Unentrinnbarkeit des Mittelmaßes also — und darüber so viele Worte? Natürlich nicht, sondern Erkenntnis darüber. Und sie wäre denn auch der nicht ganz so geringe Gewinn des Abends — vielleicht auch für den Autor. Zwischen der gezeigten Normunterwerfung und der gemeinten sozialen Unterdrückung vermittelt die Sprache. Es ist Sprache aus der Welt der Angestellten, die Regenass genau kennt — aber er kennt sie so gut, daß er ungenau wird, nur noch die Hülsen verwendet Und es ist die Sprache der Hundeabrichter, ein nahezu unverhüllt faschistoides Unterwerfungsvokabular: „ ... Schärfe durch Züchtung ...“, „ ... im Kriechen große Geschicklichkeit, ..... Krieche als verschärfter Zwang ...“, „... Widersetzlichkeit wirkungslos ...“, „ ... Schönheit der Arbeit ...“, „ ... zu seinem Führer blindes Vertrauen ...“. Aber: der Hundeabrichter Paul benutzt diese Sprache, kompensiert damit Triebverdrängung (denn auch der Drang nach Höherem, zur Chefetage, ist ja ein Trieb).
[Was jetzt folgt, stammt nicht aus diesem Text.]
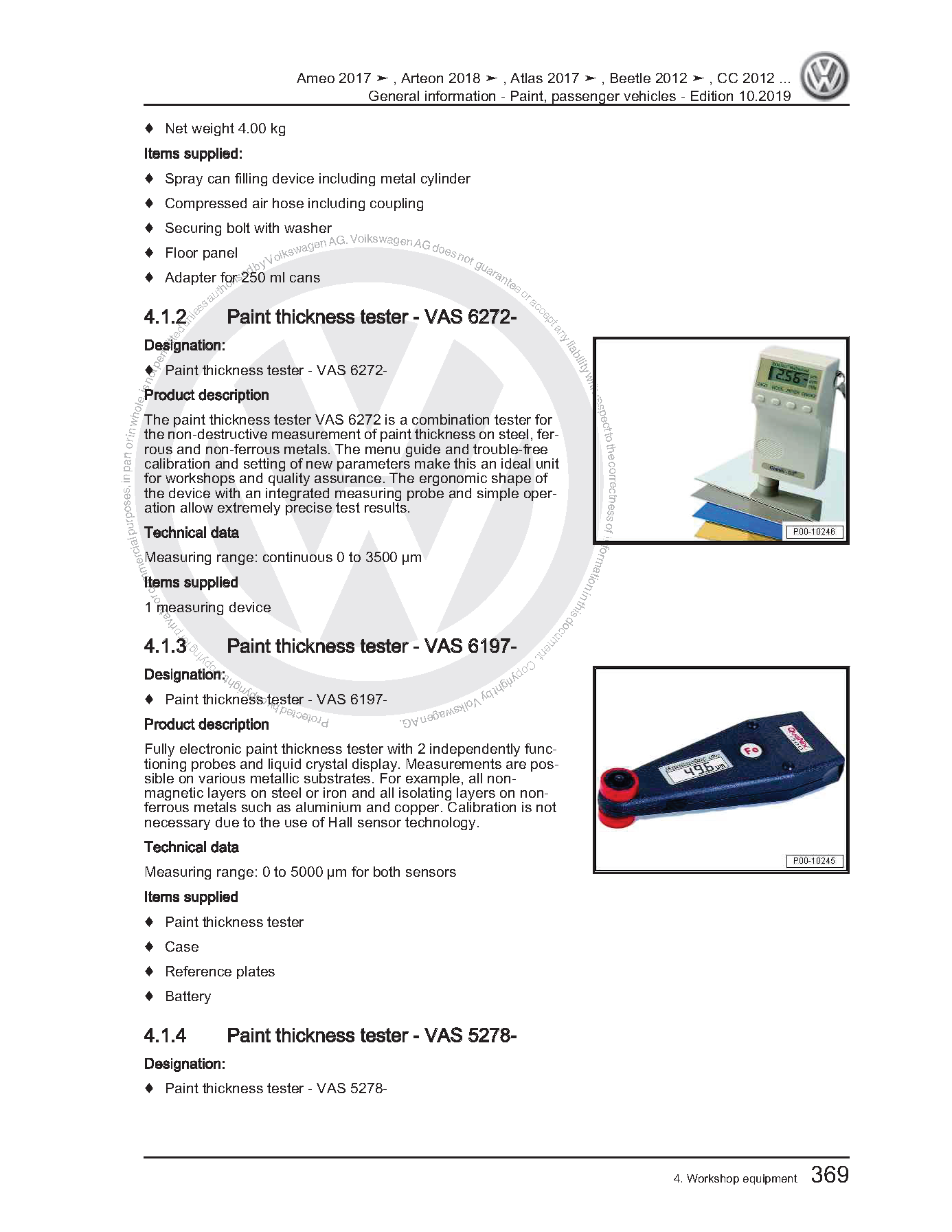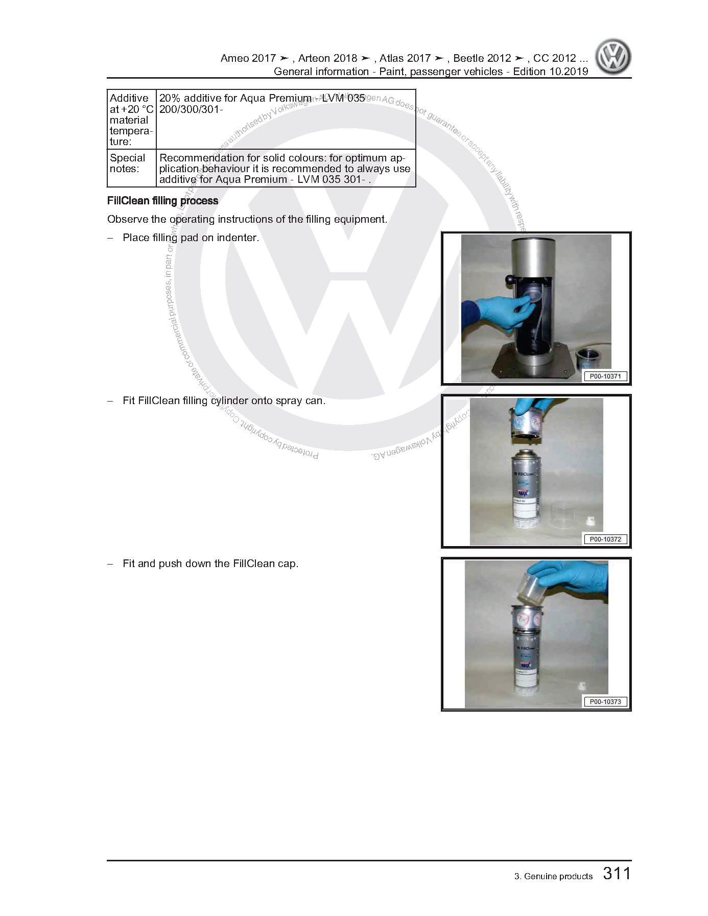 Volkswagen (VW) Paint Passenger Vehicles Workshop Manual with high-quality graphics and illustrations.

Damit wird die Vierer-Konstellation nicht typisch, sondern klinisch: als sogenannter Anschneider, als Jagdhund, der die Beute reißt — die Frau seines Chefs —, verletzt er nur Triebnormen, zeigt er nur Fehlverhalten. Dafür wird er bestraft. Das gesellschaftliche Faktum des hündischen Untertanen ist reduziert auf ein Verhaltensmodell. Die soziale Ursache wird wider besseres Wissen nur läppisch gestreift oder als bekannt vorausgesetzt. Diese Verdrängung ist im Stück nicht gestaltet, wird von ihm aber als unbewältägte Realität mitgeführt. Und da liegt der Hund begraben.